## Exercise details
Please give again every entry exactly as it appears, setting aside the pictures.

## Available records
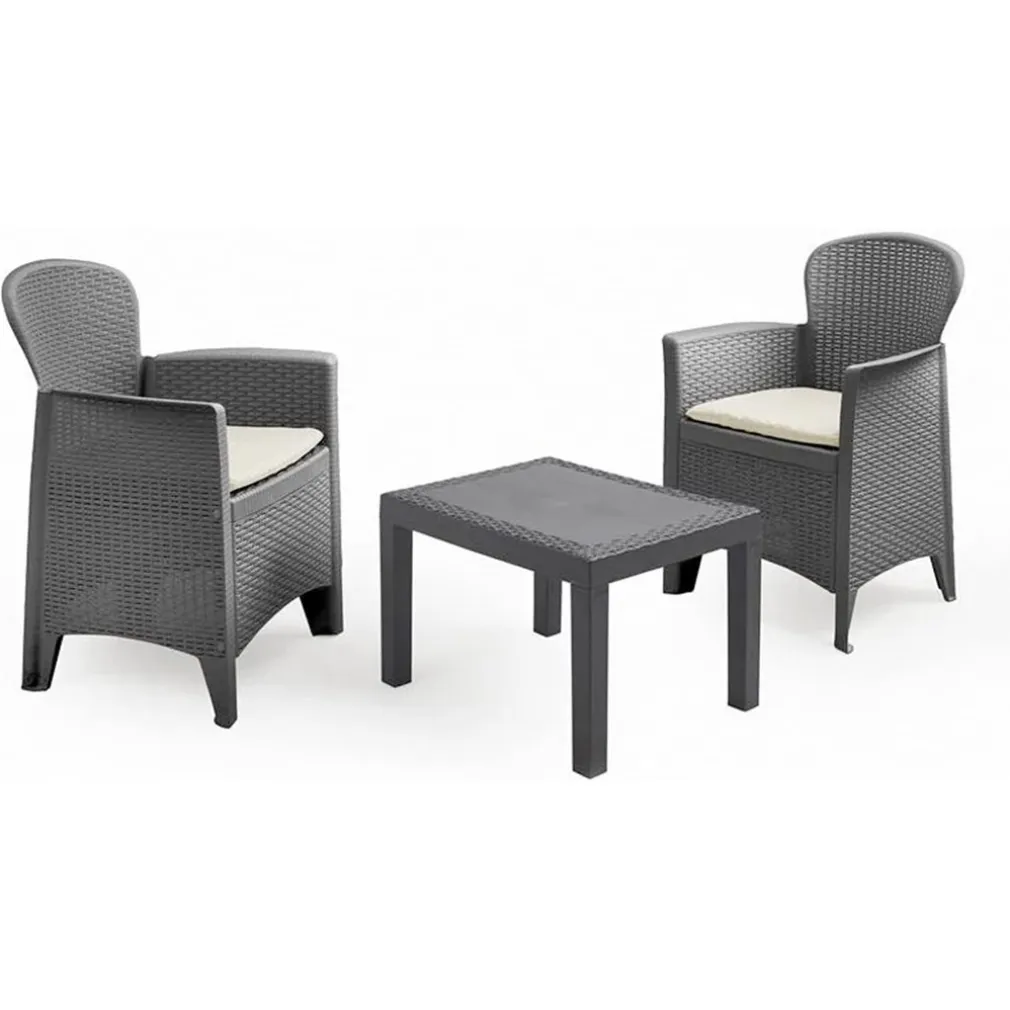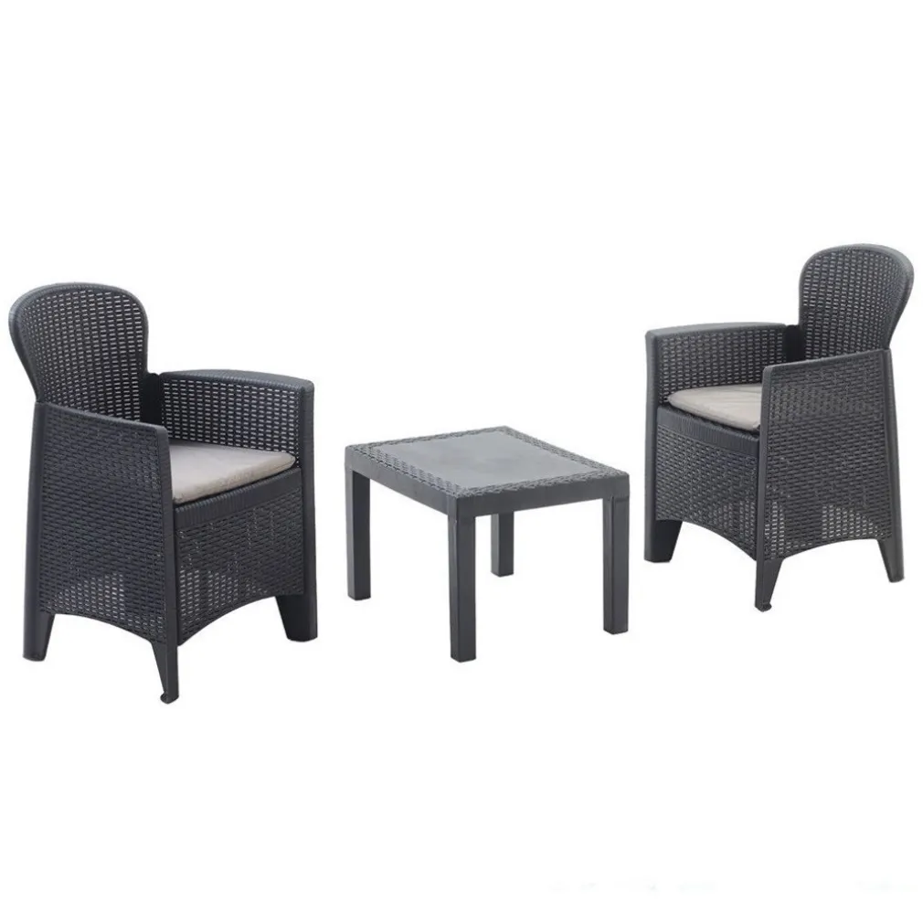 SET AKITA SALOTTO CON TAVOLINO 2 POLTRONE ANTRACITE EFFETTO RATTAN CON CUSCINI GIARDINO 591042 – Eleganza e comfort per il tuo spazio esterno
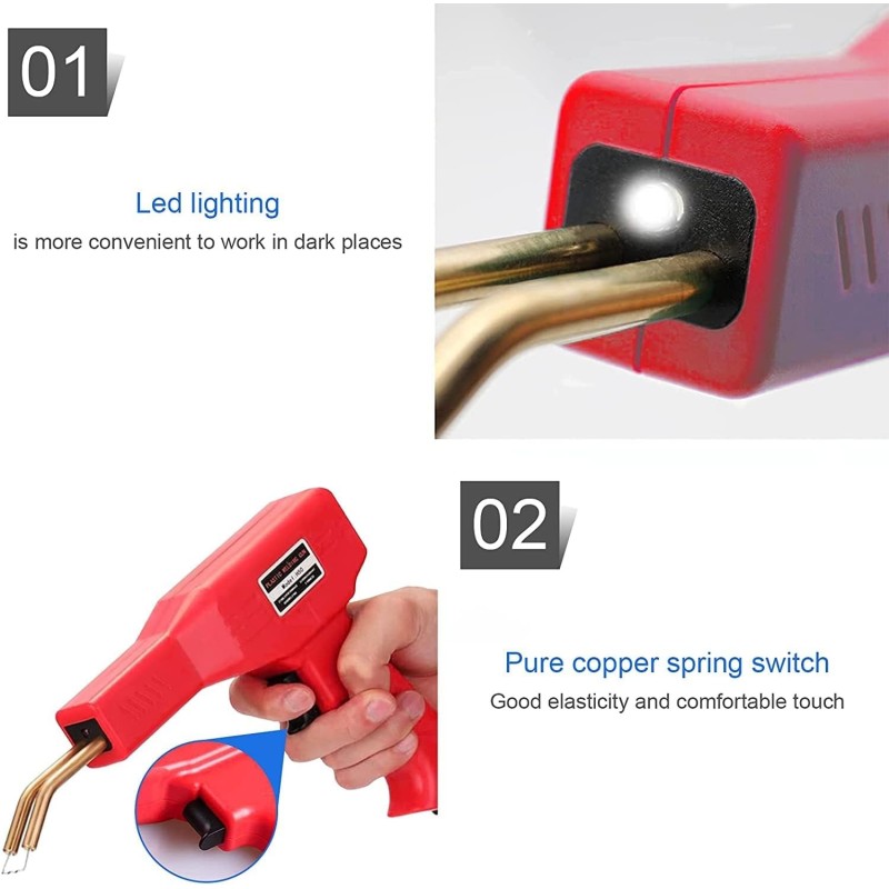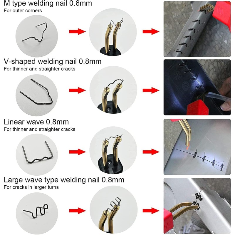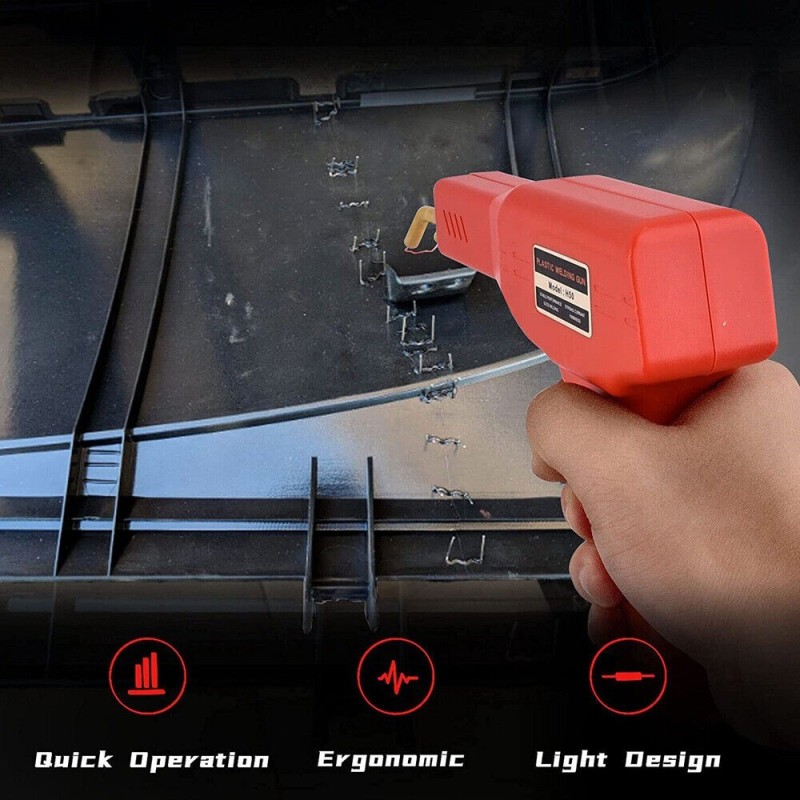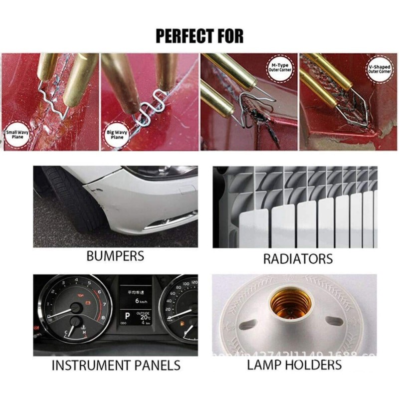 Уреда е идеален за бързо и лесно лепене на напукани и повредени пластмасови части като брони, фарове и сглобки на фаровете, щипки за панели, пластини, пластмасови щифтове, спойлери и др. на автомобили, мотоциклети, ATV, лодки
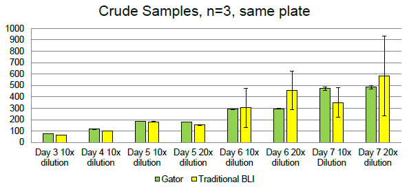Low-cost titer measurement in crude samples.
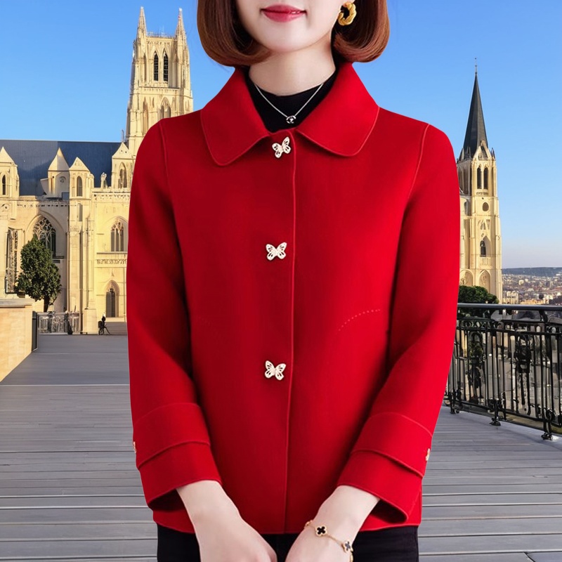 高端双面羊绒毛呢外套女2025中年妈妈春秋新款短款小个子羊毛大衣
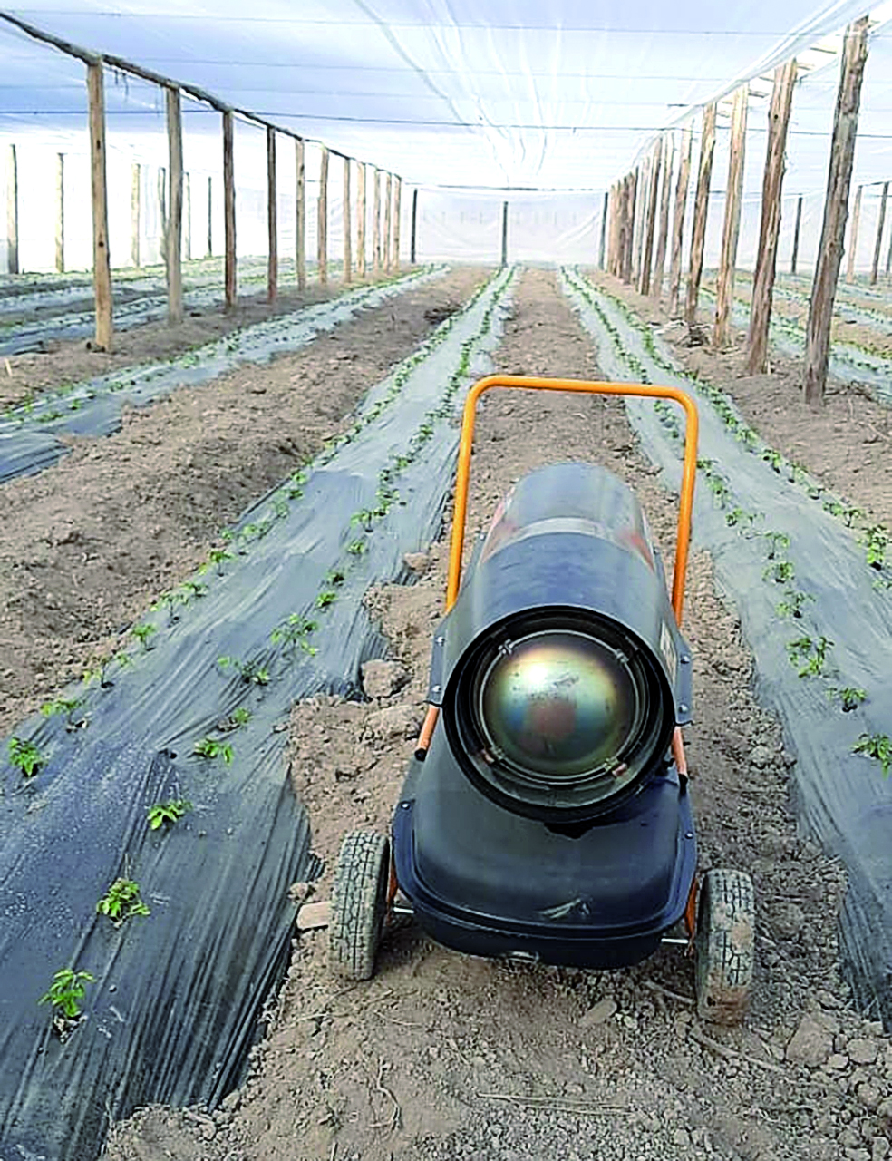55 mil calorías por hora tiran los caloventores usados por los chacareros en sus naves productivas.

## Reply to the task
 SET AKITA SALOTTO CON TAVOLINO 2 POLTRONE ANTRACITE EFFETTO RATTAN CON CUSCINI GIARDINO 591042 – Eleganza e comfort per il tuo spazio esterno
 Уреда е идеален за бързо и лесно лепене на напукани и повредени пластмасови части като брони, фарове и сглобки на фаровете, щипки за панели, пластини, пластмасови щифтове, спойлери и др. на автомобили, мотоциклети, ATV, лодки
Low-cost titer measurement in crude samples.
 高端双面羊绒毛呢外套女2025中年妈妈春秋新款短款小个子羊毛大衣
55 mil calorías por hora tiran los caloventores usados por los chacareros en sus naves productivas.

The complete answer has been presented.